PyData Seattle 2023

Monitoring in the era of Generative AI, LLVMs, and embeddings – why truly scalable approaches matter
04-27, 15:30–16:15 (America/Los_Angeles), St. Helens

Monitoring data science and AI applications is different in the era of generative AI, large language and vision models (LLVMs), and embeddings, especially given the massive datasets involved. We discuss how to monitor this increasingly common data in a truly scalable way using open source data logging library, whylogs.

Machine learning and data science for high-dimensional complex and unstructured data types like images, text, and embeddings is becoming increasingly common, thanks in part to ChatGPT and others. Whether you’re hoping to train your own large language or computer vision model (LLVM) or using an existing offering via API, it is critical that you understand how your system works and is being used in training and production.

At WhyLabs, we’ve created an open source data logging library, whylogs, for data scientists and engineers to take advantage of our highly accurate and lightweight approach to aggregating batch and/or streaming data in a way that works for generative AI, LLVMs, embeddings data, and tabular data .
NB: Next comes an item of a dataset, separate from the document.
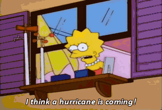 I think a hurricane is coming! Oh, Lisa! There's no record of a hurricane ever hitting Springfield. Yes, but the records only go back to 1978, when the hall of records was mysteriously blown away.

In this talk, we (1) discuss why monitoring that’s scalable and mergeable is crucial for data science in the generative AI era; (2) how you can practically monitor generative AI and unstructured data; and (3) discuss how we approach these issues in an open source context with whylogs.

Prior Knowledge Expected

No previous knowledge expected

Bernease Herman is a data scientist at WhyLabs and a research scientist at the University of Washington eScience Institute. At WhyLabs, she is building model and data monitoring solutions using approximate statistics techniques. Her academic research focuses on evaluation metrics and interpretable ML with specialty on synthetic data and societal implications. She is a PhD student at the University of Washington and holds a Bachelor’s degree in mathematics and statistics from the University of Michigan.